Each entry below is to be reproduced exactly, though any pictures it holds must be omitted.

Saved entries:
******************************
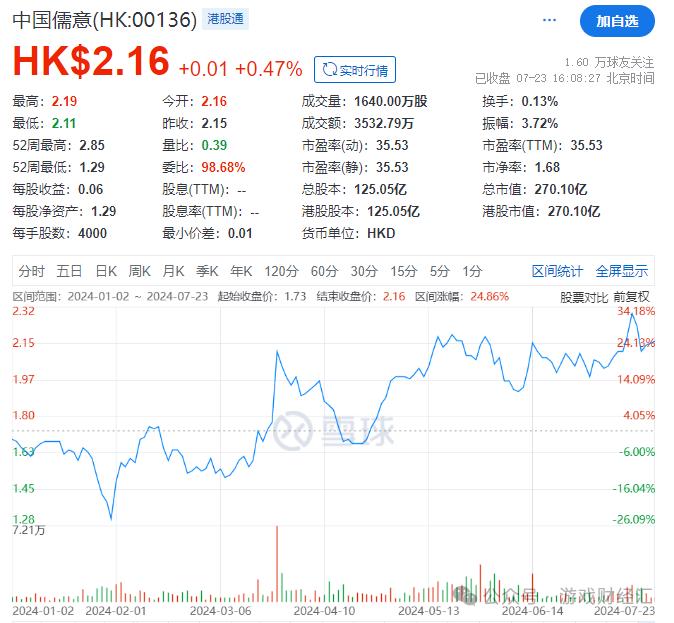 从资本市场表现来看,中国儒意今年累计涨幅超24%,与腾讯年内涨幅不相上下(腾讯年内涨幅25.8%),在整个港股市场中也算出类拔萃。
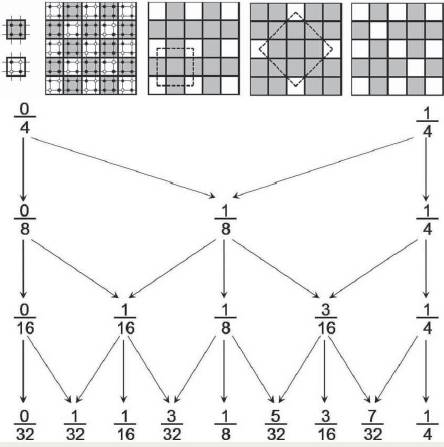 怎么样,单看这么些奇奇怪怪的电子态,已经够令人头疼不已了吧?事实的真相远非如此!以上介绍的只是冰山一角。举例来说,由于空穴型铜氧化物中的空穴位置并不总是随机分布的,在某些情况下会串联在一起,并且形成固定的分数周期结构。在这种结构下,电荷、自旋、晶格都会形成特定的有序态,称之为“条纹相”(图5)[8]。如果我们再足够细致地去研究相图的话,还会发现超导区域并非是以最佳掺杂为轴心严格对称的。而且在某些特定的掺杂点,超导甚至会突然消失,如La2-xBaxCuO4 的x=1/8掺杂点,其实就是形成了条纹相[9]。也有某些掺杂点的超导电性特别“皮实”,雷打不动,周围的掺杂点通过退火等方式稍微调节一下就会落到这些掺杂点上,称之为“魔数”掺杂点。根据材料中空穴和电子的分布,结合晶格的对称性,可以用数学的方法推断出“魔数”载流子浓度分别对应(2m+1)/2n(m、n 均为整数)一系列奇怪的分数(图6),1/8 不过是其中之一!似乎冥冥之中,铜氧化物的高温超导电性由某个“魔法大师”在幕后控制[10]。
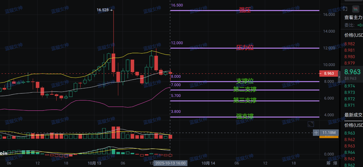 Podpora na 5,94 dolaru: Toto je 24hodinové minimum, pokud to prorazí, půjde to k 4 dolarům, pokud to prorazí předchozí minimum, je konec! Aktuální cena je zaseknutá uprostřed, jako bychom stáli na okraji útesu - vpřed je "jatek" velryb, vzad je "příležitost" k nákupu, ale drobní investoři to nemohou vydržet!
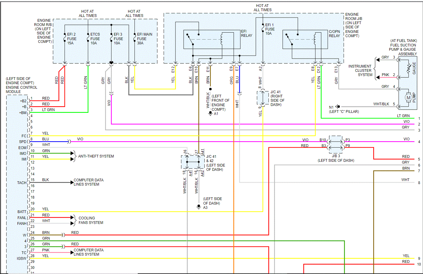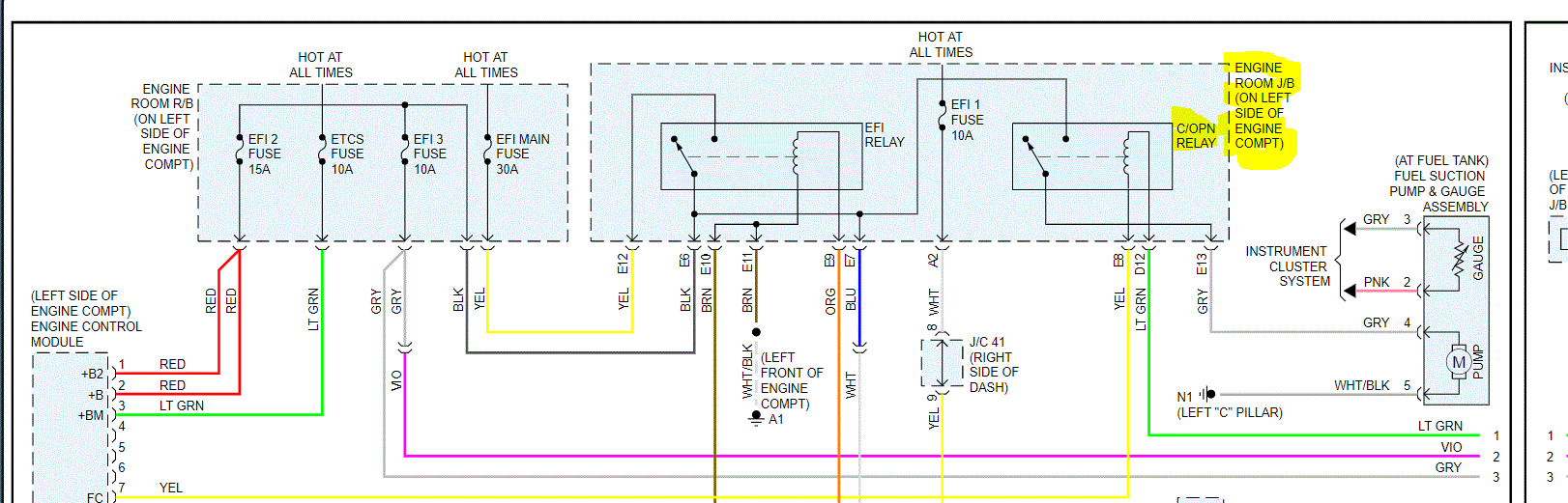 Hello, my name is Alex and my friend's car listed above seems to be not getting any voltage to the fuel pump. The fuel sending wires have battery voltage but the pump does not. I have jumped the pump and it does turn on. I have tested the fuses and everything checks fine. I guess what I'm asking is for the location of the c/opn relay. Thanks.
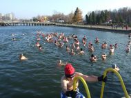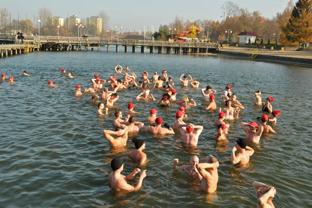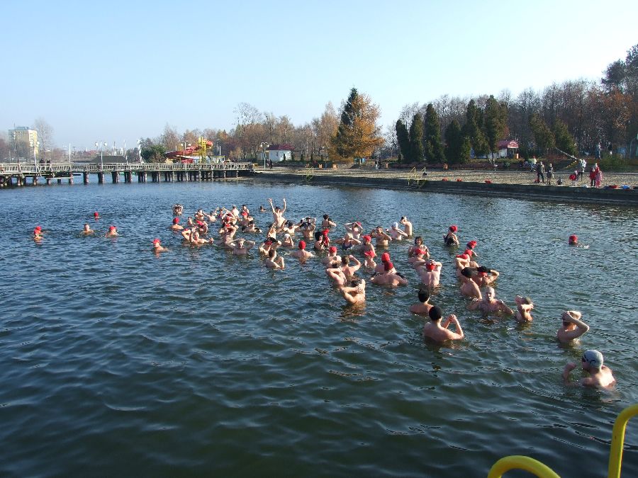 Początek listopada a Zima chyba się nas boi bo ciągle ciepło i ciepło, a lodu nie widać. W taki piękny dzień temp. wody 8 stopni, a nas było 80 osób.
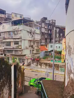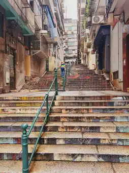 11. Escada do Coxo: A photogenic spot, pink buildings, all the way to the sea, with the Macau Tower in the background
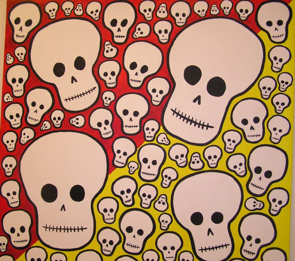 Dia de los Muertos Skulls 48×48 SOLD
******************************
**THE ANSWER:**
 从资本市场表现来看,中国儒意今年累计涨幅超24%,与腾讯年内涨幅不相上下(腾讯年内涨幅25.8%),在整个港股市场中也算出类拔萃。
 怎么样,单看这么些奇奇怪怪的电子态,已经够令人头疼不已了吧?事实的真相远非如此!以上介绍的只是冰山一角。举例来说,由于空穴型铜氧化物中的空穴位置并不总是随机分布的,在某些情况下会串联在一起,并且形成固定的分数周期结构。在这种结构下,电荷、自旋、晶格都会形成特定的有序态,称之为“条纹相”(图5)[8]。如果我们再足够细致地去研究相图的话,还会发现超导区域并非是以最佳掺杂为轴心严格对称的。而且在某些特定的掺杂点,超导甚至会突然消失,如La2-xBaxCuO4 的x=1/8掺杂点,其实就是形成了条纹相[9]。也有某些掺杂点的超导电性特别“皮实”,雷打不动,周围的掺杂点通过退火等方式稍微调节一下就会落到这些掺杂点上,称之为“魔数”掺杂点。根据材料中空穴和电子的分布,结合晶格的对称性,可以用数学的方法推断出“魔数”载流子浓度分别对应(2m+1)/2n(m、n 均为整数)一系列奇怪的分数(图6),1/8 不过是其中之一!似乎冥冥之中,铜氧化物的高温超导电性由某个“魔法大师”在幕后控制[10]。
 Podpora na 5,94 dolaru: Toto je 24hodinové minimum, pokud to prorazí, půjde to k 4 dolarům, pokud to prorazí předchozí minimum, je konec! Aktuální cena je zaseknutá uprostřed, jako bychom stáli na okraji útesu - vpřed je "jatek" velryb, vzad je "příležitost" k nákupu, ale drobní investoři to nemohou vydržet!
 Hello, my name is Alex and my friend's car listed above seems to be not getting any voltage to the fuel pump. The fuel sending wires have battery voltage but the pump does not. I have jumped the pump and it does turn on. I have tested the fuses and everything checks fine. I guess what I'm asking is for the location of the c/opn relay. Thanks.
 Początek listopada a Zima chyba się nas boi bo ciągle ciepło i ciepło, a lodu nie widać. W taki piękny dzień temp. wody 8 stopni, a nas było 80 osób.
 11. Escada do Coxo: A photogenic spot, pink buildings, all the way to the sea, with the Macau Tower in the background
 Dia de los Muertos Skulls 48×48 SOLD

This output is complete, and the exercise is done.